### Action item
Your task is to transcribe the data exactly while omitting each picture.

### Records
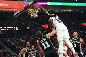 24直播网04月29日讯 NBA季后赛首轮G5,开拓者在客场以95-114不敌马刺,大比分1-4被淘汰。
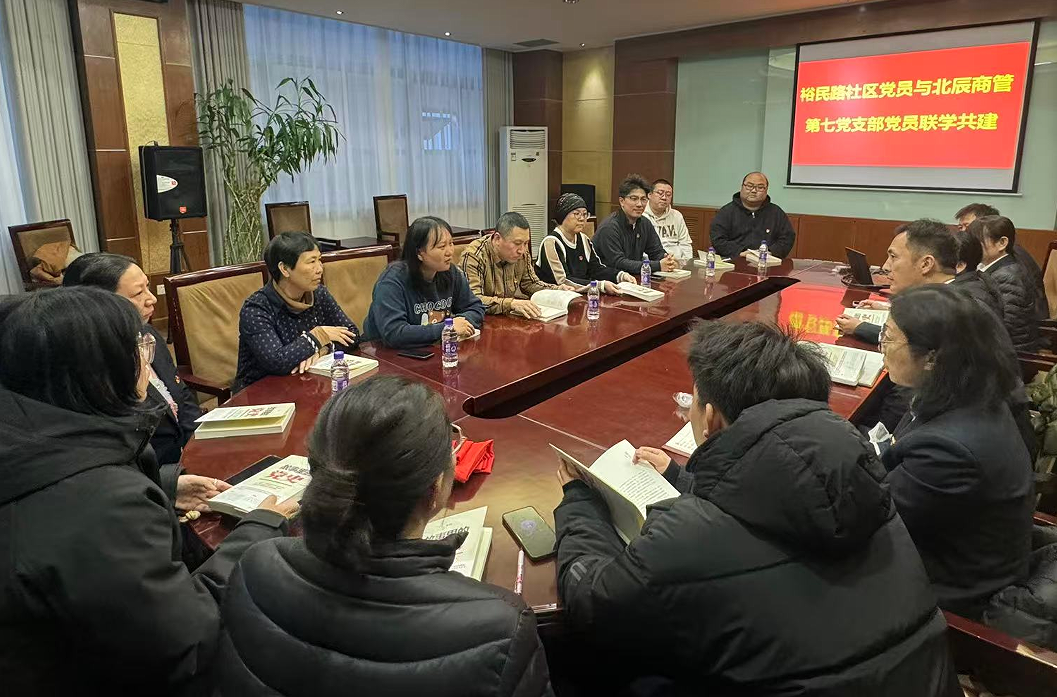 为加深企社党员间的思想交流,日前,裕民路社区党员与北辰商管第七支部携手举办了“书香润初心 联学促提升”主题读书分享会。双方围绕学习党的创新理论、经典著作结合各自岗位实践,分享了阅读心得与思考感悟。活动特别邀请了安贞街道选调生程梓宸同志参加。程梓宸同志从青年视角和基层实践体会出发,分享了在深入群众、服务一线过程中的观察与思考,为读书会带来了新鲜视角与实践启发。
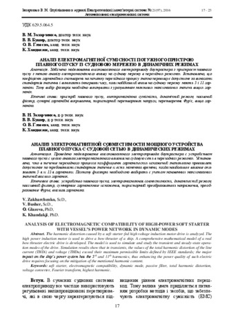 Busher, Victor and Glazeva, Oksana and Khandakji, Kamal and Zakharchenko, Vadim (2016) ANALYSIS OF ELECTROMAGNETIC COMPATIBILITY OF HIGH-POWER SOFT STARTER WITH VESSEL’S POWER NETWORK IN DYNAMIC MODES. ELECTRICAL AND COMPUTER SYSTEMS, 21 (97). pp. 17-23. ISSN 22213937
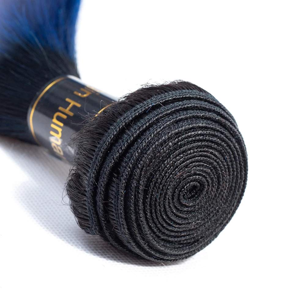 Человеческие волосы QT Ombre, 3 пряди, партия, предварительно окрашенные прямые двухцветные T1BBlue Ombre, бразильские Прямые Натуральные кудрявые пучки волос пряди
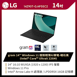 LG 樂金 Gram 14Z90T-G.AP55C2 14吋極致輕薄AI筆電(Ultra 5/16G/512GB/Win11 Pro/WUXGA/曜石黑)$39,900
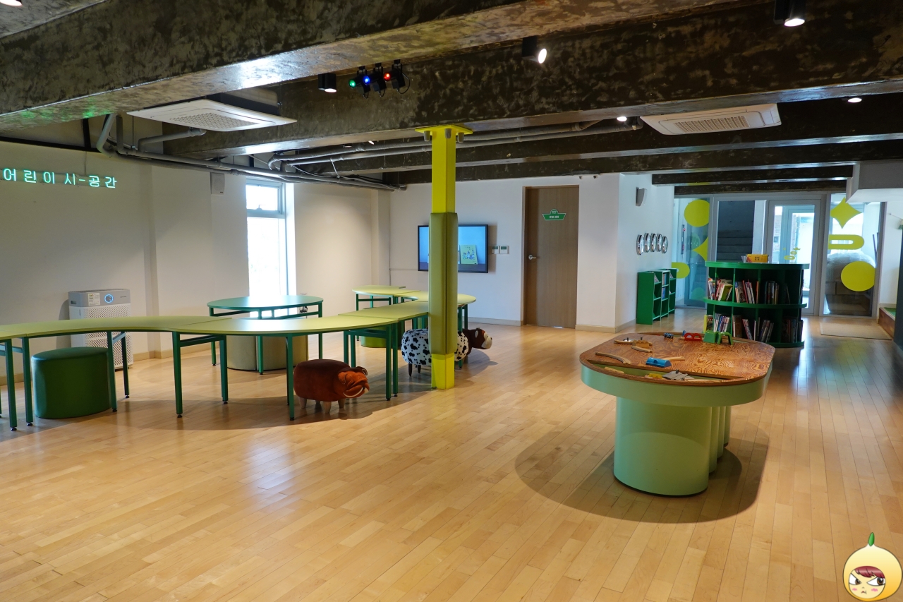 맞이홀 옆에는 아이들이 잼나게 놀 수 있는 어린이라운지가 있다. 책을 읽을 수 있고, 그림 도구가 갖춰서 있어 그림도 그릴 수 있다. 아이들을 위한 공간도 있는데, 어른들을 위한 공간도 있을까? 있다. 2층으로 올라가면 나온다.
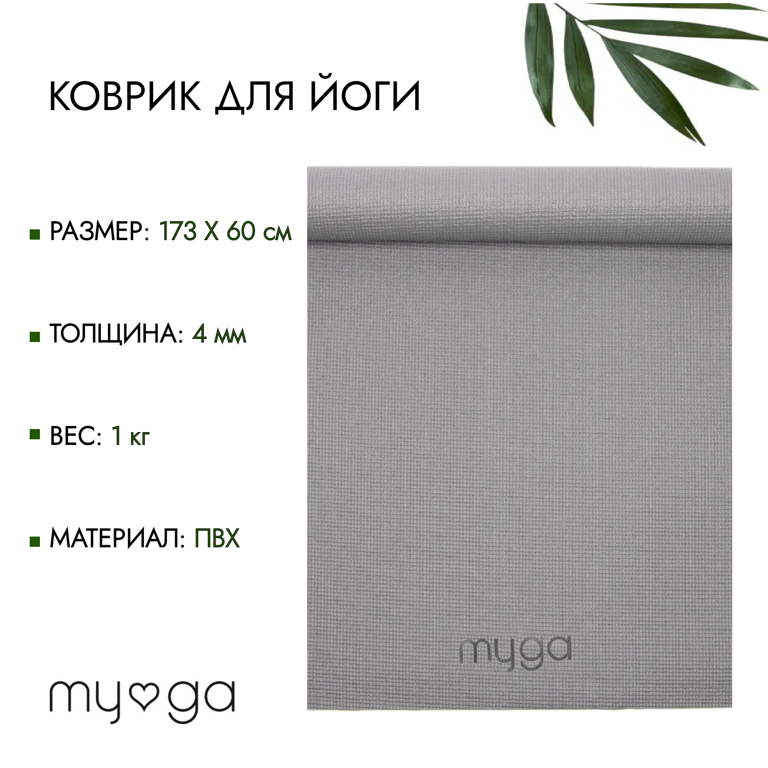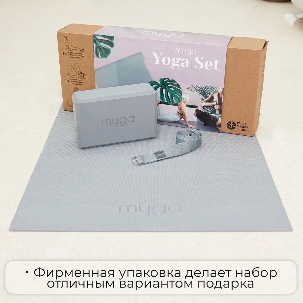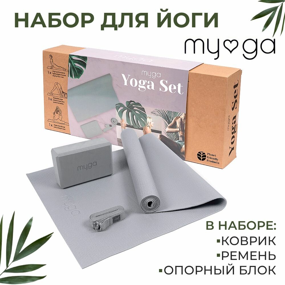 Набор для йоги (коврик, блок, ремень) MYGA, серый интересное:
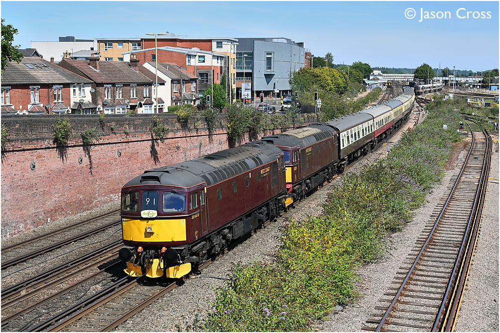 33025 and 33029 power away from Eastliegh with a 1Z33 0545 Burton-on-Trent to Weymouth railtour. Date: 6 August 2022 Manipulation Notes: None
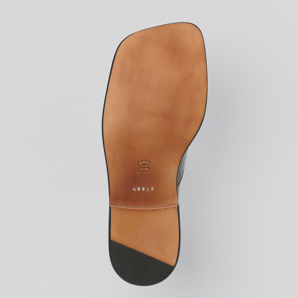 ウェルトのエッジもラストのフォルムに沿って、角を落とし、控えめな丸コバに仕上げています。実際に足を入れるとラストのインパクトを感じつつも、ワイドシルエットのボトムスなどに馴染みやすいシューズに仕上がっています。
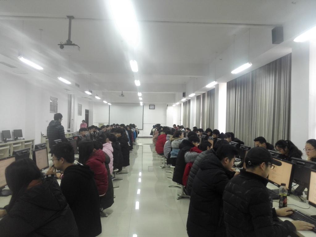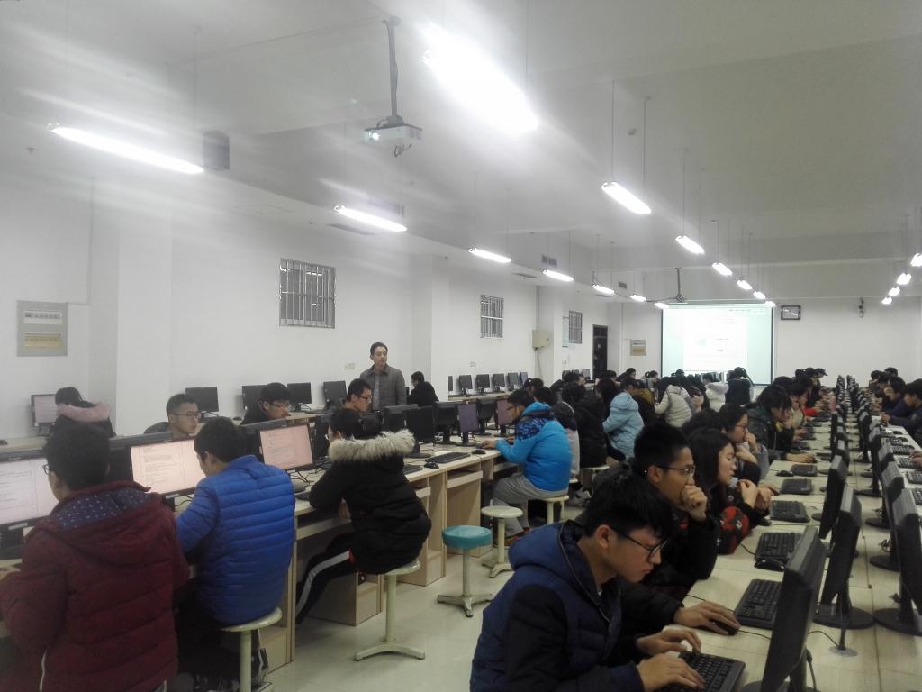 2017级400多学生,在S楼学院实验室利用校企合作企业英谷公司开发的网上在线考试系统,进行《计算机导论》这一课程的网上在线考试。这是兔子先生
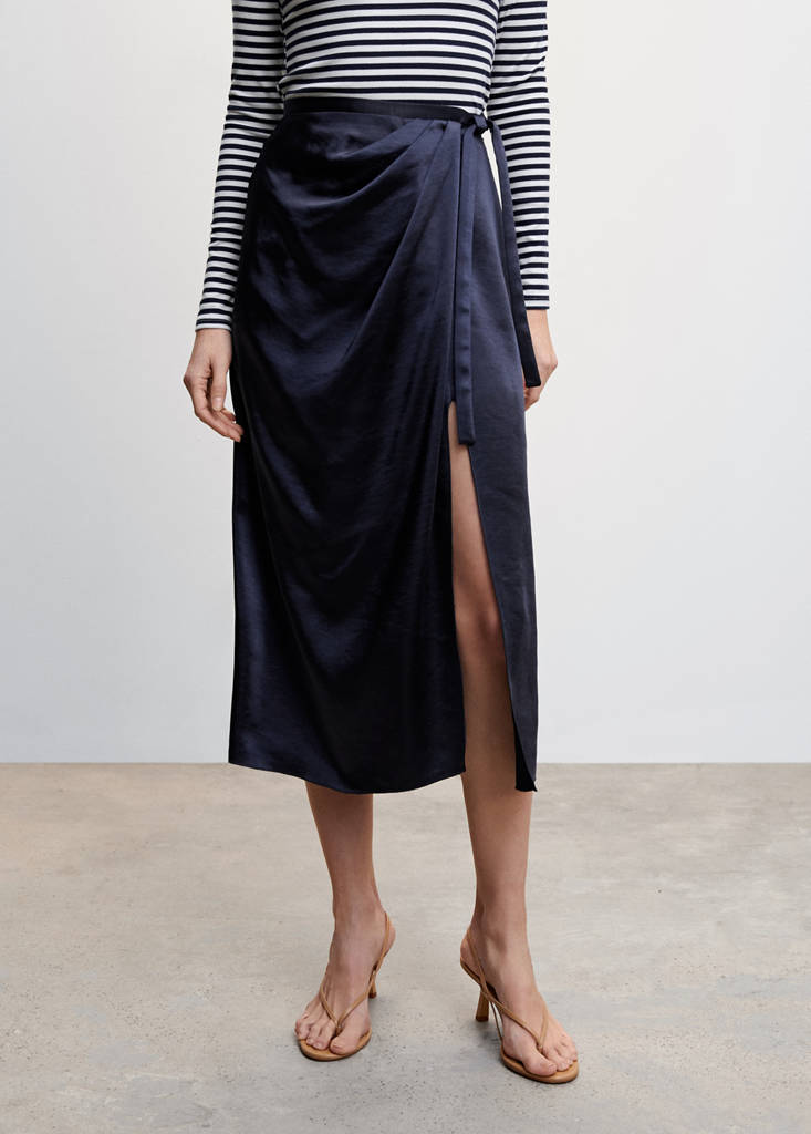 Fließender Stoff. Satin. Wickel-Design. Mid-Design. Mittlerer Sitz. Seitlicher Reißverschluss. Seitlicher Schleifenverschluss. Kräuseldetail. Seitenschlitz. Plus erhältlich
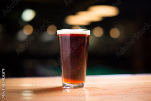 Pint of a dark ale on a wood counter at a pool hall bar
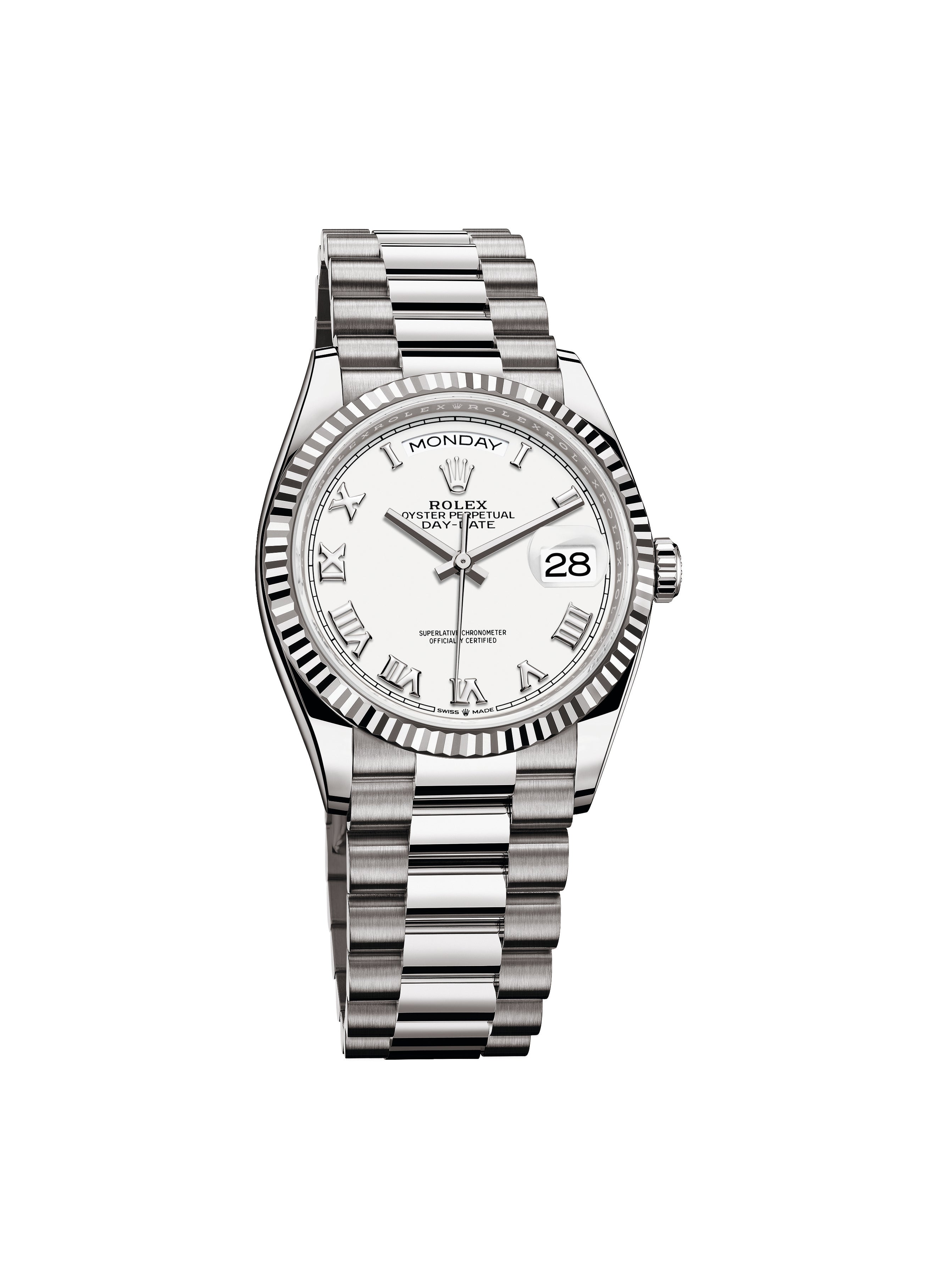 At its launch in 1956, the Day-Date was a major innovation: it was the first calendar wristwatch to indicate, in addition to the date, the day of the week spelt out in full in a window on the dial – a technical feat at the time. The Day-Date has only ever been made from precious metals –18 ct yellow, white or Everose gold, or 950 platinum. Worn by many of the world’s political figures, directors and visionaries, the Day-Date is instantly recognizable, in particular thanks to its emblematic President bracelet, whose evocative name, together with the eminent figures who have worn it, ensured the Day-Date became known as the ‘presidents’ watch’.
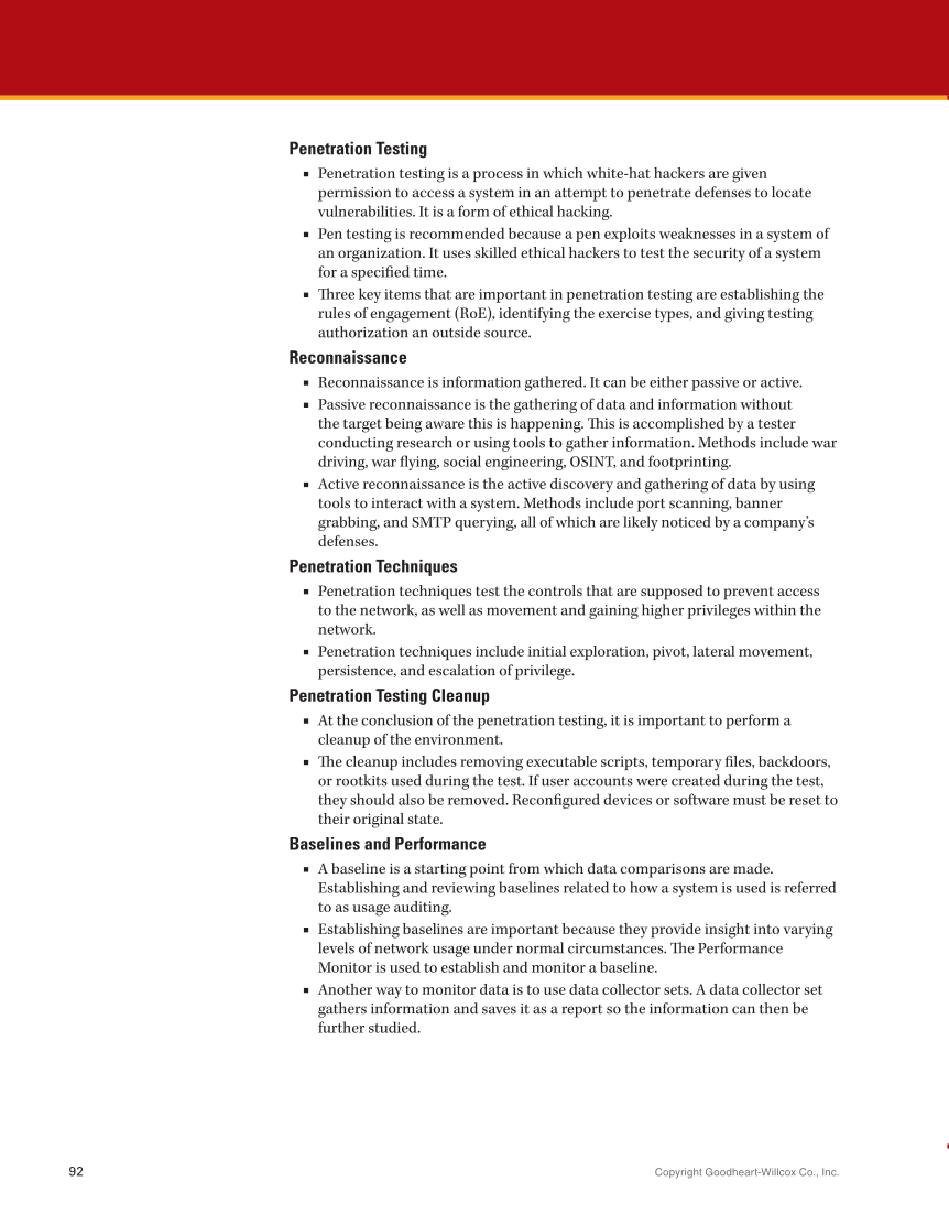 Copyright Goodheart-Willcox Co., Inc. 92 Penetration Testing ■ ■ Penetration testing is a process in which white-hat hackers are given permission to access a system in an attempt to penetrate defenses to locate vulnerabilities. It is a form of ethical hacking. ■ ■ Pen testing is recommended because a pen exploits weaknesses in a system of an organization. It uses skilled ethical hackers to test the security of a system for a specified time. ■ ■ Three key items that are important in penetration testing are establishing the rules of engagement (RoE), identifying the exercise types, and giving testing authorization an outside source. Reconnaissance■ ■■ Reconnaissance is information gathered. It can be either passive or active. ■ Passive reconnaissance is the gathering of data and information without the target being aware this is happening. This is accomplished by a tester conducting research or using tools to gather information. Methods include war driving, war flying, social engineering, OSINT, and footprinting. ■ ■ Active reconnaissance is the active discovery and gathering of data by using tools to interact with a system. Methods include port scanning, banner grabbing, and SMTP querying, all of which are likely noticed by a company’s defenses. Penetration Techniques ■ ■ Penetration techniques test the controls that are supposed to prevent access to the network, as well as movement and gaining higher privileges within the network. ■ ■ Penetration techniques include initial exploration, pivot, lateral movement, persistence, and escalation of privilege. Penetration Testing Cleanup ■ ■ At the conclusion of the penetration testing, it is important to perform a cleanup of the environment. ■ ■ The cleanup includes removing executable scripts, temporary files, backdoors, or rootkits used during the test. If user accounts were created during the test, they should also be removed. Reconfigured devices or software must be reset to their original state. Baselines and Performance ■ ■ A baseline is a starting point from which data comparisons are made. Establishing and reviewing baselines related to how a system is used is referred to as usage auditing. ■ ■ Establishing baselines are important because they provide insight into varying levels of network usage under normal circumstances. The Performance Monitor is used to establish and monitor a baseline. ■ ■ Another way to monitor data is to use data collector sets. A data collector set gathers information and saves it as a report so the information can then be further studied.
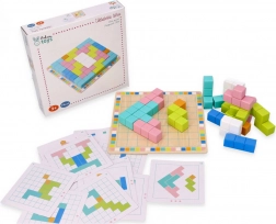 Immergeti nel mondo della logica e della creatività con questo affascinante puzzle di legno in stile Tetris di AdamToys. I bambini possono comporre figure secondo le carte o inventare costruzioni proprie. I blocchi possono essere usati non solo sulla piattaforma, ma anche per creare costruzioni spaziali. Il gioco sviluppa in modo divertente pensiero logico e analitico e contemporaneamente migliora abilità manuali.
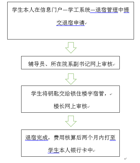 若学生因休学、入伍、走读、退学等原因需申请退宿,需由学生本人在“信息门户—学工管理系统—退宿管理”中提交退宿申请,经辅导员、学生所在学院副书记网上审核后,学生本人将钥匙交给所住楼宇宿管,楼长网上审核,退宿费经核算后两个月内学生本人银行卡。

### Result for this exercise
 24直播网04月29日讯 NBA季后赛首轮G5,开拓者在客场以95-114不敌马刺,大比分1-4被淘汰。
 为加深企社党员间的思想交流,日前,裕民路社区党员与北辰商管第七支部携手举办了“书香润初心 联学促提升”主题读书分享会。双方围绕学习党的创新理论、经典著作结合各自岗位实践,分享了阅读心得与思考感悟。活动特别邀请了安贞街道选调生程梓宸同志参加。程梓宸同志从青年视角和基层实践体会出发,分享了在深入群众、服务一线过程中的观察与思考,为读书会带来了新鲜视角与实践启发。
 Busher, Victor and Glazeva, Oksana and Khandakji, Kamal and Zakharchenko, Vadim (2016) ANALYSIS OF ELECTROMAGNETIC COMPATIBILITY OF HIGH-POWER SOFT STARTER WITH VESSEL’S POWER NETWORK IN DYNAMIC MODES. ELECTRICAL AND COMPUTER SYSTEMS, 21 (97). pp. 17-23. ISSN 22213937
 Человеческие волосы QT Ombre, 3 пряди, партия, предварительно окрашенные прямые двухцветные T1BBlue Ombre, бразильские Прямые Натуральные кудрявые пучки волос пряди
 LG 樂金 Gram 14Z90T-G.AP55C2 14吋極致輕薄AI筆電(Ultra 5/16G/512GB/Win11 Pro/WUXGA/曜石黑)$39,900
 맞이홀 옆에는 아이들이 잼나게 놀 수 있는 어린이라운지가 있다. 책을 읽을 수 있고, 그림 도구가 갖춰서 있어 그림도 그릴 수 있다. 아이들을 위한 공간도 있는데, 어른들을 위한 공간도 있을까? 있다. 2층으로 올라가면 나온다.
 Набор для йоги (коврик, блок, ремень) MYGA, серый интересное:
 33025 and 33029 power away from Eastliegh with a 1Z33 0545 Burton-on-Trent to Weymouth railtour. Date: 6 August 2022 Manipulation Notes: None
 ウェルトのエッジもラストのフォルムに沿って、角を落とし、控えめな丸コバに仕上げています。実際に足を入れるとラストのインパクトを感じつつも、ワイドシルエットのボトムスなどに馴染みやすいシューズに仕上がっています。
 2017级400多学生,在S楼学院实验室利用校企合作企业英谷公司开发的网上在线考试系统,进行《计算机导论》这一课程的网上在线考试。这是兔子先生
 Fließender Stoff. Satin. Wickel-Design. Mid-Design. Mittlerer Sitz. Seitlicher Reißverschluss. Seitlicher Schleifenverschluss. Kräuseldetail. Seitenschlitz. Plus erhältlich
 Pint of a dark ale on a wood counter at a pool hall bar
 At its launch in 1956, the Day-Date was a major innovation: it was the first calendar wristwatch to indicate, in addition to the date, the day of the week spelt out in full in a window on the dial – a technical feat at the time. The Day-Date has only ever been made from precious metals –18 ct yellow, white or Everose gold, or 950 platinum. Worn by many of the world’s political figures, directors and visionaries, the Day-Date is instantly recognizable, in particular thanks to its emblematic President bracelet, whose evocative name, together with the eminent figures who have worn it, ensured the Day-Date became known as the ‘presidents’ watch’.
 Copyright Goodheart-Willcox Co., Inc. 92 Penetration Testing ■ ■ Penetration testing is a process in which white-hat hackers are given permission to access a system in an attempt to penetrate defenses to locate vulnerabilities. It is a form of ethical hacking. ■ ■ Pen testing is recommended because a pen exploits weaknesses in a system of an organization. It uses skilled ethical hackers to test the security of a system for a specified time. ■ ■ Three key items that are important in penetration testing are establishing the rules of engagement (RoE), identifying the exercise types, and giving testing authorization an outside source. Reconnaissance■ ■■ Reconnaissance is information gathered. It can be either passive or active. ■ Passive reconnaissance is the gathering of data and information without the target being aware this is happening. This is accomplished by a tester conducting research or using tools to gather information. Methods include war driving, war flying, social engineering, OSINT, and footprinting. ■ ■ Active reconnaissance is the active discovery and gathering of data by using tools to interact with a system. Methods include port scanning, banner grabbing, and SMTP querying, all of which are likely noticed by a company’s defenses. Penetration Techniques ■ ■ Penetration techniques test the controls that are supposed to prevent access to the network, as well as movement and gaining higher privileges within the network. ■ ■ Penetration techniques include initial exploration, pivot, lateral movement, persistence, and escalation of privilege. Penetration Testing Cleanup ■ ■ At the conclusion of the penetration testing, it is important to perform a cleanup of the environment. ■ ■ The cleanup includes removing executable scripts, temporary files, backdoors, or rootkits used during the test. If user accounts were created during the test, they should also be removed. Reconfigured devices or software must be reset to their original state. Baselines and Performance ■ ■ A baseline is a starting point from which data comparisons are made. Establishing and reviewing baselines related to how a system is used is referred to as usage auditing. ■ ■ Establishing baselines are important because they provide insight into varying levels of network usage under normal circumstances. The Performance Monitor is used to establish and monitor a baseline. ■ ■ Another way to monitor data is to use data collector sets. A data collector set gathers information and saves it as a report so the information can then be further studied.
 Immergeti nel mondo della logica e della creatività con questo affascinante puzzle di legno in stile Tetris di AdamToys. I bambini possono comporre figure secondo le carte o inventare costruzioni proprie. I blocchi possono essere usati non solo sulla piattaforma, ma anche per creare costruzioni spaziali. Il gioco sviluppa in modo divertente pensiero logico e analitico e contemporaneamente migliora abilità manuali.
 若学生因休学、入伍、走读、退学等原因需申请退宿,需由学生本人在“信息门户—学工管理系统—退宿管理”中提交退宿申请,经辅导员、学生所在学院副书记网上审核后,学生本人将钥匙交给所住楼宇宿管,楼长网上审核,退宿费经核算后两个月内学生本人银行卡。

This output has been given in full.